Figure 1. Recruitment of Patients and Culture Results

For Löwenstein–Jensen (L-J) and automated mycobacterial cultures, positive cultures were those that were positive according to either method or both; negative cultures were those that were negative according to both methods or negative according to one method and indeterminate according to the other; and indeterminate cultures were those that were indeterminate according to both methods. For patients with suspected tuberculosis, the 242 reference-standard culture-positive samples included 4 false positive samples arising from cross-contamination (1 in Löwenstein–Jensen culture alone, 1 in automated mycobacterial culture alone, and 2 in both automated mycobacterial culture and MODS culture), and the 32 culture-positive samples in MODS culture alone included 7 that were false positive owing to cross-contamination. For the prescreened patients at high risk for tuberculosis or multidrug-resistant tuberculosis, the 87 reference-standard culture-positive samples included 1 false positive sample in both automated mycobacterial culture and MODS culture, and the 7 samples that were culture-positive in MODS culture alone included 2 false positive cultures. The indeterminate cultures for the prescreened patients and the hospitalized patients with HIV infection were designated as such because cultures from all three methods were repeatedly contaminated by bacterial overgrowth (two with rapid-growing nontuberculous mycobacteria).

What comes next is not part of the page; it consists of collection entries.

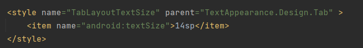 app:tabTextAppearance="@style/TabLayoutTextSize"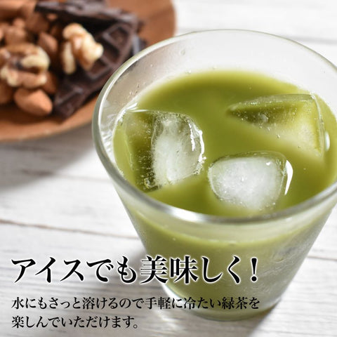 お湯と混ぜて飲むだけでなく、ペットボトルの水と混ぜて飲んだり、お酒の水割りに粉末緑茶を少量足していただくだけで、お茶割りが簡単にできます。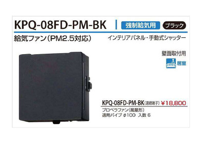 給気ファン[強制給気用]【空気清浄フィルター付】 KPQ-08FD-PM-BK:速結端子 ブラック

Figure 2. Incremental Benefit of One and Two Sputum Cultures as Compared with Sputum-Smear Microscopy

The percentage of cases detected during examination of the first smear or culture is shown, as well as the additional (not total) percentage detected during examination of a second smear or culture. For patients with suspected tuberculosis (Panel A) and prescreened patients at high risk for tuberculosis or multidrug-resistant tuberculosis (Panel B), examination of smears stained with the Ziehl–Neelsen (Z-N) stain was performed at the local laboratory of the National TB Programme before the sample was retrieved for study purposes. For samples from the hospitalized patients with HIV infection (Panel C), microscopical examination of sputum smears stained with auramine but not Z-N stain was performed at Universidad Peruana Cayetano Heredia, because these patients were not recruited through the National TB Programme. L-J denotes Löwenstein–Jensen.

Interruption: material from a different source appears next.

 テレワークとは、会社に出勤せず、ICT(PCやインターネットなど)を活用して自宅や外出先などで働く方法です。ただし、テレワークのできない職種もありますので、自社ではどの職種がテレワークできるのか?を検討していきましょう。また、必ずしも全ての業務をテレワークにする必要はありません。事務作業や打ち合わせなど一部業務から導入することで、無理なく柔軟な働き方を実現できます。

Figure 3. Cumulative Percentages of the Time to Culture Positivity for 325 Culture-Positive Samples According to Culture Method (Panel A) and the Effect of the Quantitative Status of Sputum Smears for Acid-Fast Bacilli (Panels B, C, and D)

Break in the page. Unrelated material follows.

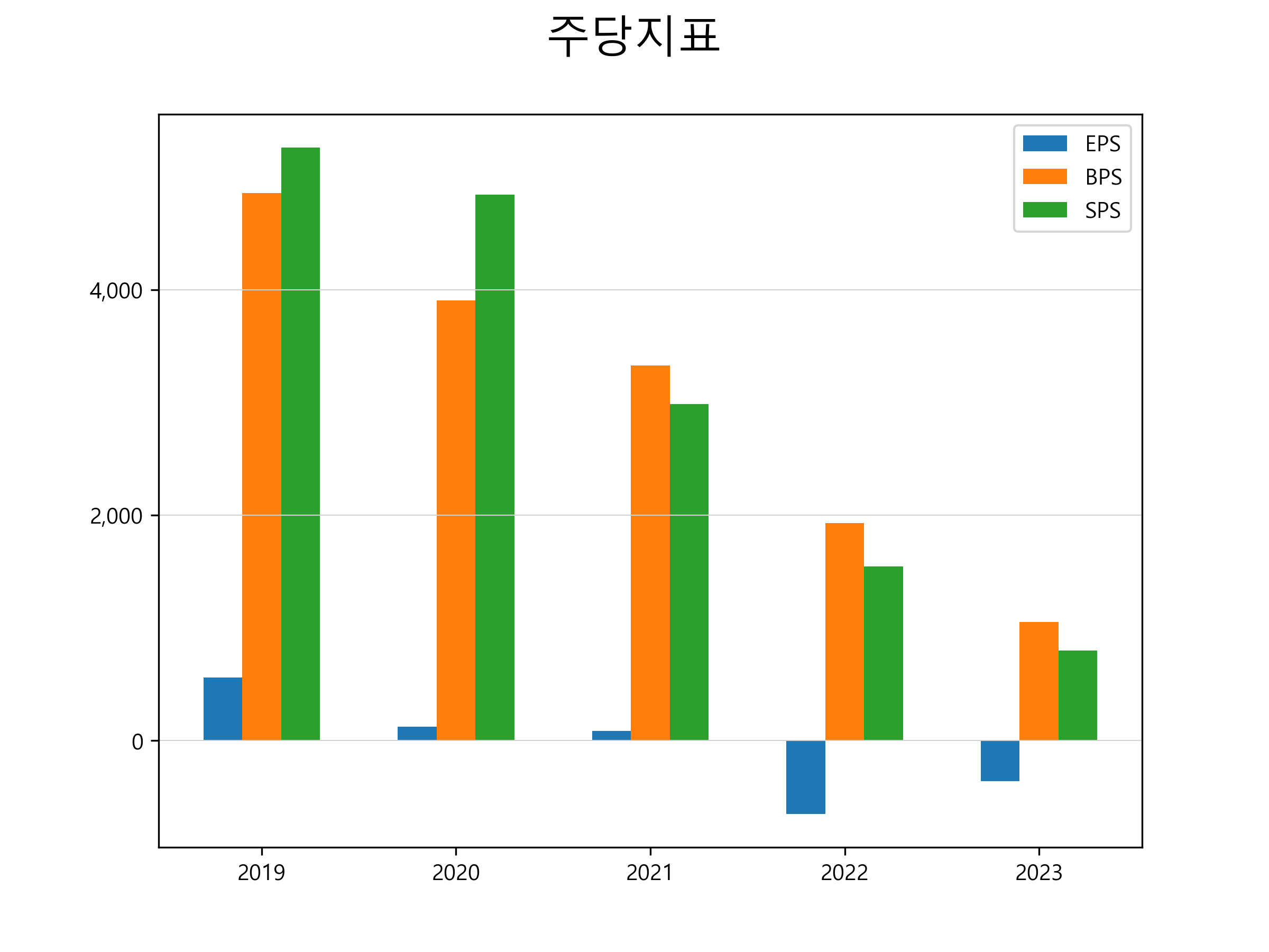 ※ EPS 주당 순이익, BPS 주당 순자산, CPS 주당 현금흐름, SPS 주당 매출액, PER 주가수익비율, PBR 주가순자산비율, PCR :주가현금비율, PSR 주가매출비율, DPS 주당배당금

The percentages of cultures that were positive at days 7, 14, and 21 were 74%, 99%, and 100%, respectively, in MODS culture; 7%, 62%, and 89% in automated mycobacterial culture; and 0%, 5%, and 28% in Löwenstein–Jensen (L-J) culture (Panel A). In Panels B, C, and D, “auramine smear–” was defined by the presence of fewer than 10 acid-fast bacilli per 100 fields, “1+” 10 to 99 acid-fast bacilli per 100 fields, “2+” 1 to 10 acid-fast bacilli per field, and “3+” more than 10 acid-fast bacilli per field. One field was equivalent to the examination of one carbol-fuchsin–stained smear at a magnification of 1000×.